There are, apparently, many different Ovids, or he was a writer who worked in multiple distinctly independent styles. I would have said that differently if I hadn't started Metamorphoses before reviewing, and I would have had a vastly different impression of this if I hadn't read Amores and The Art of Love beforehand. Ovid's love poems introduced me to a hyper-witty and hyper-clever really knowledgeable but insincere poet. This was not that voice.

Heroides is a collection of letters written mainly by spurned heroines in Greek mythology to lovers. Fifteen of the letters come from the likes Penelope, Ariadne or Medea, or more obscure women like Laodamia to Protestilaus or Canace to Marcareus. The sixteenth letter comes from Sappho. And six more are back and forth with lovers. Paris writes Helen to woo her, and Helen writes back with what amounts to something that is not no. And so on.

I'm sure the modern ear can find much to make fun of, and any reader in any age will easily pick up the many levels of satire. But, oddly, these aspects don't color these letters. On the surface they are sincere. The heavy satire is mostly in the situations, the set-up if you like. The letters themselves are straightforward... often romantic, even when or because they are bitter. And they are occasionally moving. Laodamia's letter to Protestilaus stands out. In mythology Protestilaus leaves for Troy shortly after their marriage, and becomes the first casualty in the Trojan war. He is brought back to life for three hours to see Laodamia, who afterward commits suicide. She writes this letter as an unknowing widow. I found it a memorable and touching letter of love, bitter in its irony and yet tangible. Phyllus writes to Demophoon who, when she fell for him only to be abandoned, was not only hurt, but ruined. And she writes longingly.

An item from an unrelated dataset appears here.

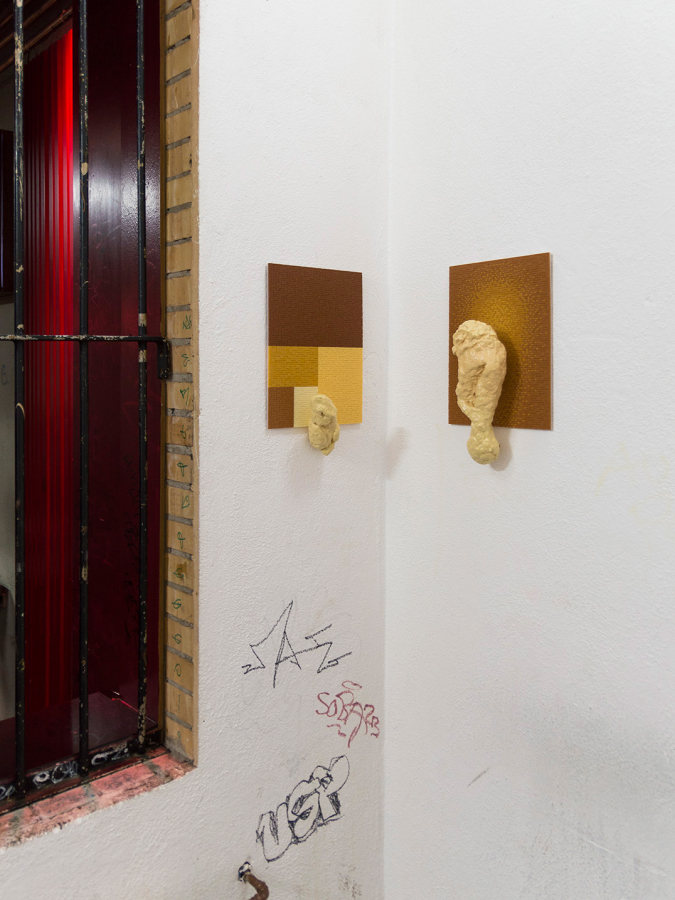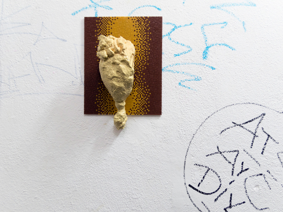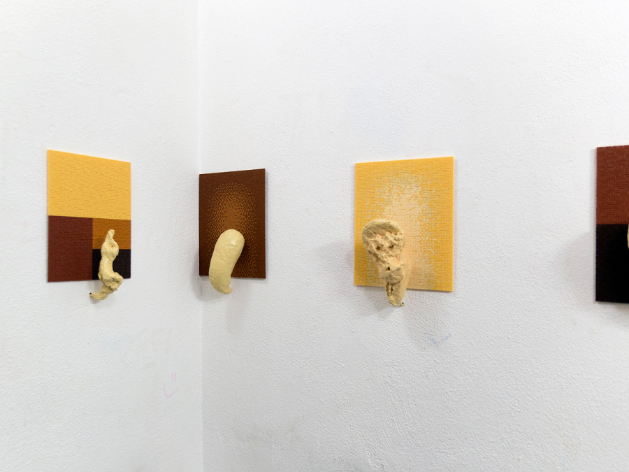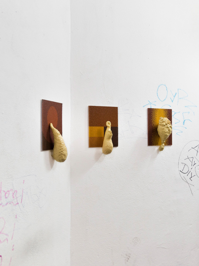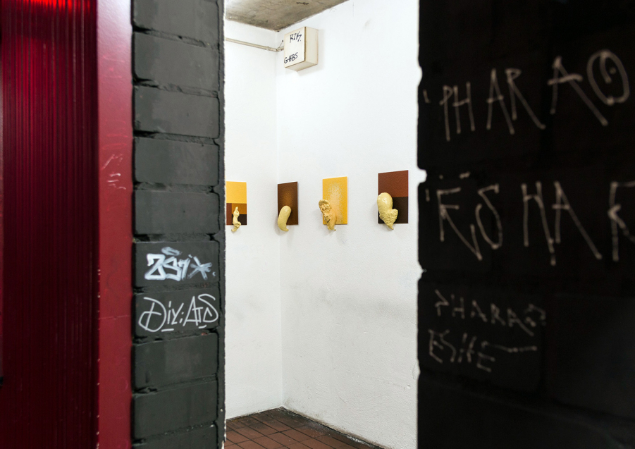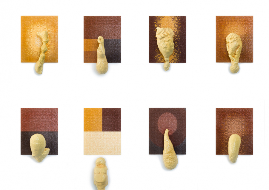 Title or remark: «I can’t believe it’s not» … a what? – simply said: an installation of 12 mixed media works, not cheaper in dozens but richer in its metamorphic qualities. The flat Ministeck background images look like noble colour field paintings with a sophisticated combination of light ochre, brown and reddish dark brown hues, arranged in few geometric partitions, or composed with a darker hue slightly changing to a kind of brighter halo in the centre. The clumsy sculptures were shaped from paper pulp, coated with a thick resin shimmering in bright Beige. Like ectoplasmic emanations they shimmer between different metamorphic impressions. Is this one a mini bunny, and that one a childish Bozzetto of the lower back of Donatello’s David? This one, a recently excavated fragment of a tiny old-time idol, now backward highlighted by a Ministeck halo, and that one a dreamy head looking like too long neglected as mere mud dough? Another one seems to try a way-out as Klein bottle closed onto itself, while a stocking cap seems to disguise a fatso face, coming out of a Ministeck ring of sombre brown halos. An apparently gorgeous misfit heart is pushing one bulging ail out of a furry base, and a hearty stuffed sausage seems to wait on a passage to a honourable ghost, and so on in a protean power of creation.

A note about the translator, Harold Isbell. There are many oddities about him that give me pause. He was a bank director, not a professor. He provides a summary of each major character, a wonderful resource, but they are iffy and partial summaries. Each is simplified leaving a clean and often appealing impression, but one that may contradict or disregard major versions of these stories. His citations of ancient literature are incomplete and a bit haphazard. And, despite all his notes, he never once brings up anything about the translation or original Latin. But, I really enjoyed reading this. So... ??

Ariadne to Theseus

You would have died in the twisting halls without
the string that I gave to be your guide.
You said to me, 'I swear by these perils that
as long as we live, you will be mine.'
We are alive, Theseus, but I am not yours;


Laodamia to Protestilaus

I'm told the winds detain you at Aulis;
where were these winds when you sailed from me?
Then the tides should have risen against your oars;
then was the time for a raging surf.
I could have kissed my lord and given him more
requests, I wanted to say so much.
But you were hurried away by a wind your
crew loved; it was not a lover's wind.


Leander to Hero (across the water)

she is so near, but 'almost' starts tears.
  dchaikin | Jul 29, 2017 |
I'd never thought about reading more by Ovid, and then I came across The Heroides while showing someone else the wonders of my city's central library. (Before I knew it, I had a stack of nine books in my arms, despite the fact I'm about to go visit my parents via train, meaning I can't carry that many books.) Anyway, I was delighted to find this, and it's a nice edition too, with explanations of all the myths and extensive notes (which for the most part I don't need, but which were a handy refresher when I couldn't quite remember) and introductions to each poem. The translation seems good to me, in that it's readable and flows well, and doesn't get in the way of experiencing the poems.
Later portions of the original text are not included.